Data to examine |

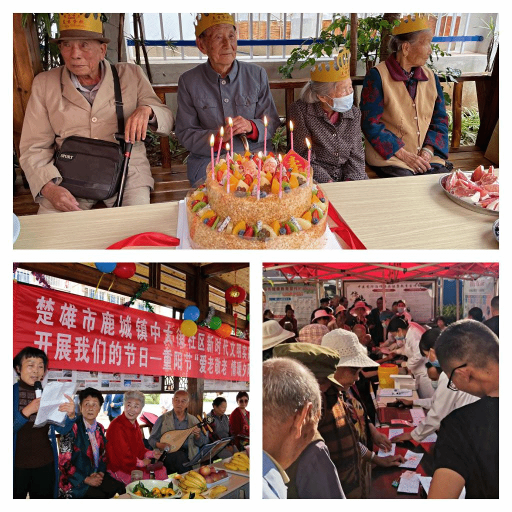 鹿城镇各村(社区)结合实际,借助“我们的节日·重阳节”开展文艺演出、为老人们过集体生日、爱心义诊等活动,与辖区老人共庆重阳节。一场场热闹的文艺演出让台下老人看得津津有味,京剧、舞蹈、小品、合唱等节目都是老人们亲自排练演出,红色老歌《没有共产党就没有新中国》让现场的老同志们斗志昂扬,激情澎湃,泪湿了眼眶……;义诊现场,医护人员为老人们测量血压、听诊检查,耐心地听老人们讲述自己的病症,为一些长期服药的老人提出服药合理化建议。根据身体情况免费发放降血压、调理肠胃、常用感冒药等药品,共为老年人免费测量血压1000余人次,发放免费药品500多盒。
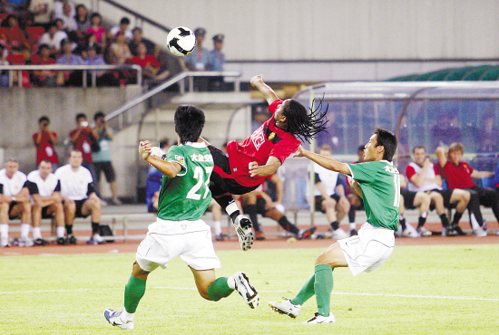 7月26日,曼联队员与绿城队员在比赛中拼抢,最终曼联以8比2 战胜绿城队。本报记者 钟昊 摄
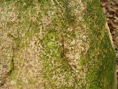Nahaufnahme mit Algen. Die Plagioklase verwittern schneller, daher vertiefen sich die Ringe. | ||||||||||||||||||||||||||||||||||||||||||||||||||||||||||||||||||||||||||||||||||||||||||||||||||||||||||||||||||||||||||||||||
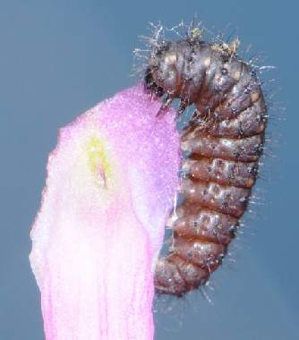 (参考) ムラサキケマンの花を食べる幼虫(1齢、4.6mm)と食痕 2012年3月10日撮影 兵庫県中西部 採卵 静岡市駿河区 飼育 1齢の個体です。花を食べるところを初めて見ました。気に入ったようでこの花房からしばらく離れませんでした。綿ぼこりが毛に引っかかっています。 トップページへ |
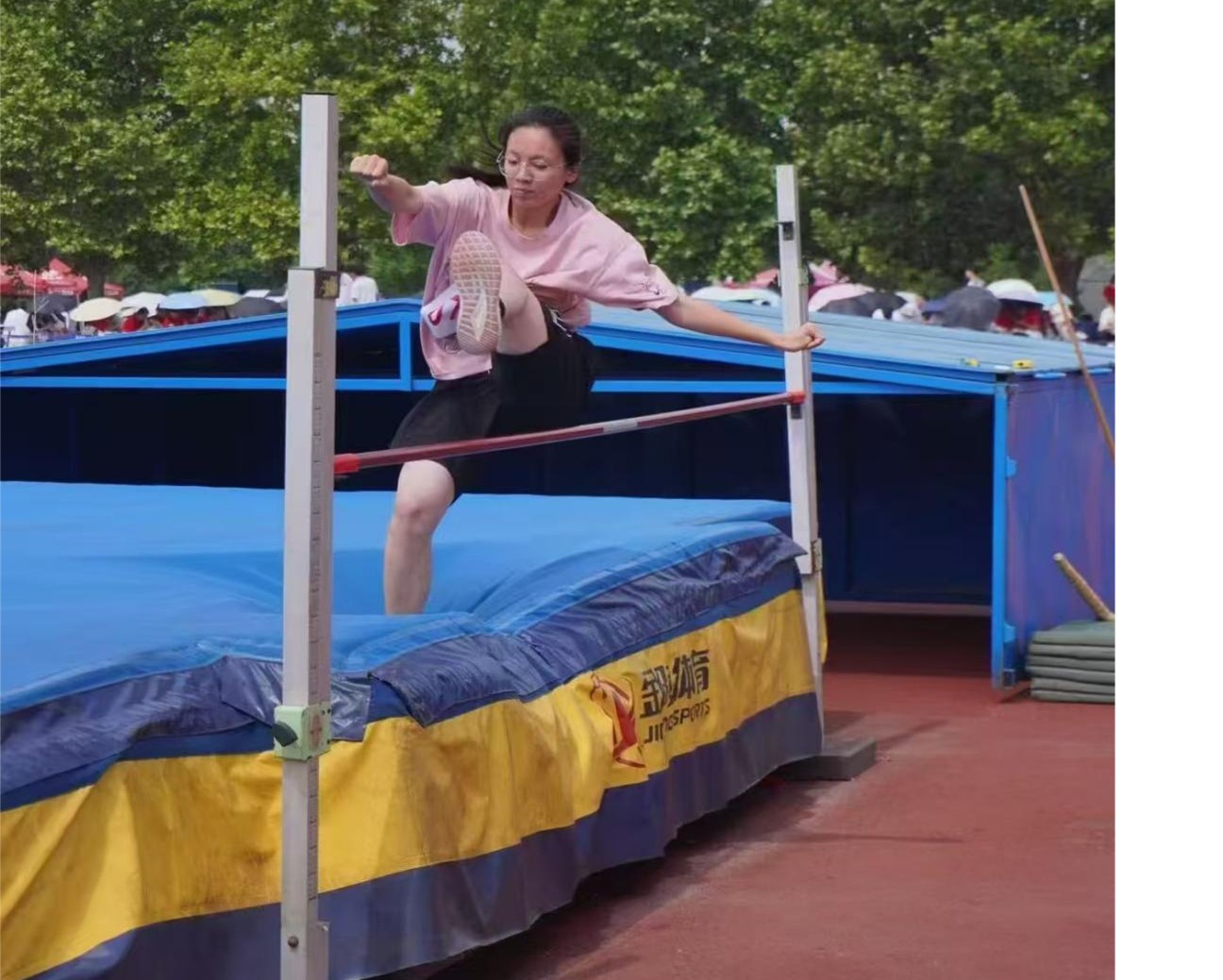 跳高比赛里,运动员们在助跑后,高高跃起跨越横杆。他们不断挑战新高度,每一次跳跃都是对自我的突破。

Activity | Your copy should begin at the line containing "(参考) ムラサキケマンの花を食べる幼虫(1齢、4.6mm)と食痕 2012年3月10日撮影" and end at the last line of the data above, matching each line exactly and holding no pictures.

Solved exercise |
 (参考) ムラサキケマンの花を食べる幼虫(1齢、4.6mm)と食痕 2012年3月10日撮影 兵庫県中西部 採卵 静岡市駿河区 飼育 1齢の個体です。花を食べるところを初めて見ました。気に入ったようでこの花房からしばらく離れませんでした。綿ぼこりが毛に引っかかっています。 トップページへ |
 跳高比赛里,运动员们在助跑后,高高跃起跨越横杆。他们不断挑战新高度,每一次跳跃都是对自我的突破。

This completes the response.